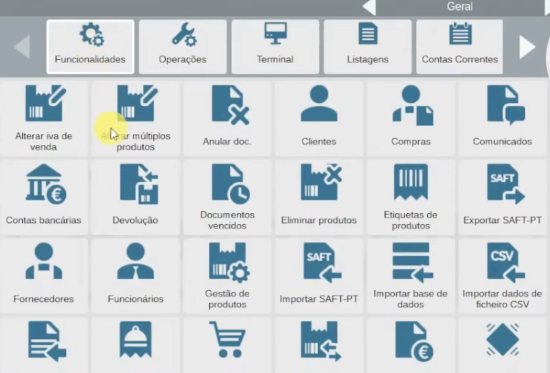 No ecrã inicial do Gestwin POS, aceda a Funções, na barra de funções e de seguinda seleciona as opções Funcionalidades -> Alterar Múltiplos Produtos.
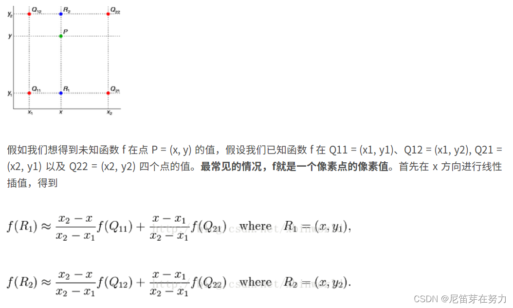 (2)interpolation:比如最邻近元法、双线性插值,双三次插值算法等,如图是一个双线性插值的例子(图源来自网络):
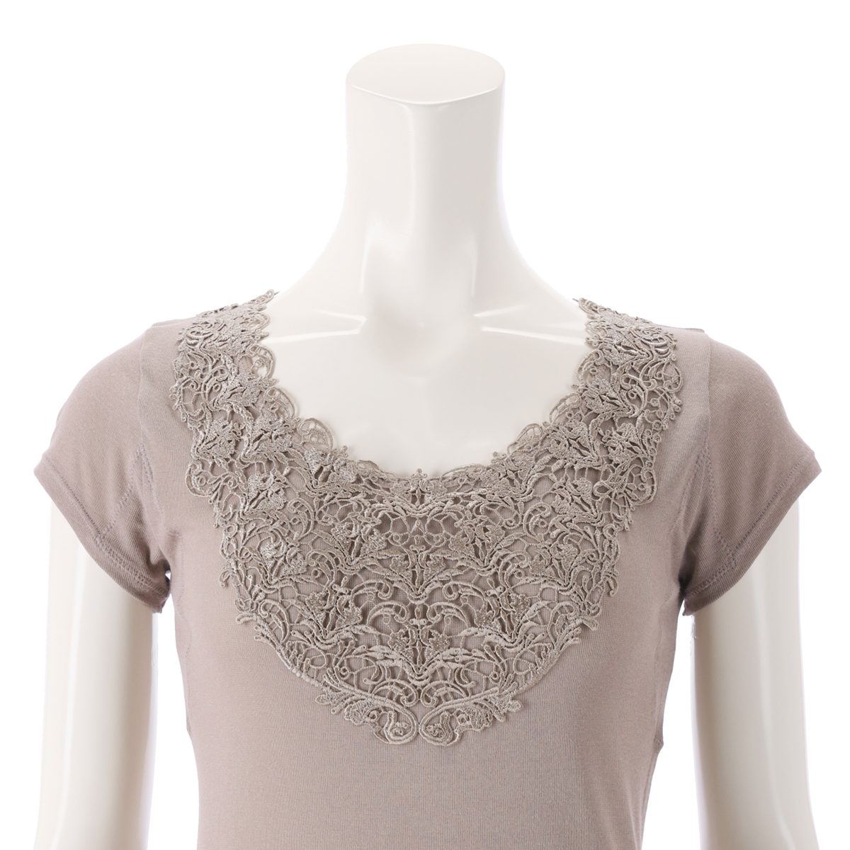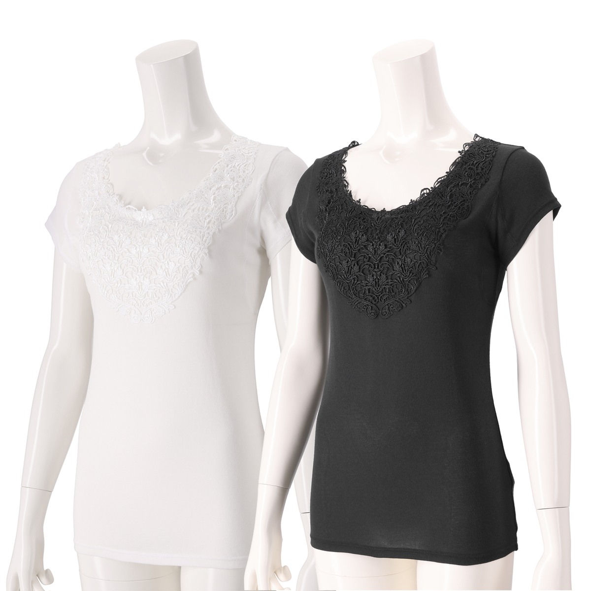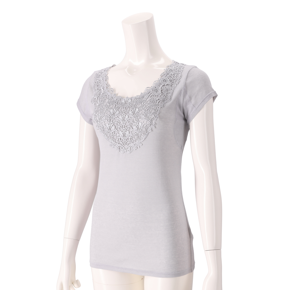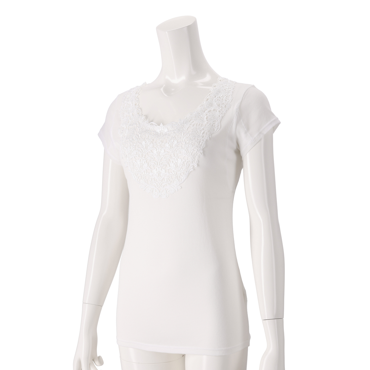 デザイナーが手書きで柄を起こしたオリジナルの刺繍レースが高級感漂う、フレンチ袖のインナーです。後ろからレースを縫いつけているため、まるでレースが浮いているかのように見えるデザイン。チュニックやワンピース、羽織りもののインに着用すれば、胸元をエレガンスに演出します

--- Exercise objective ---
Exactly repeat the material from its first line through the line with "(2)interpolati", including both, and leave the pictures and everything else out.

--- Solution for this task ---
 No ecrã inicial do Gestwin POS, aceda a Funções, na barra de funções e de seguinda seleciona as opções Funcionalidades -> Alterar Múltiplos Produtos.
 (2)interpolation:比如最邻近元法、双线性插值,双三次插值算法等,如图是一个双线性插值的例子(图源来自网络):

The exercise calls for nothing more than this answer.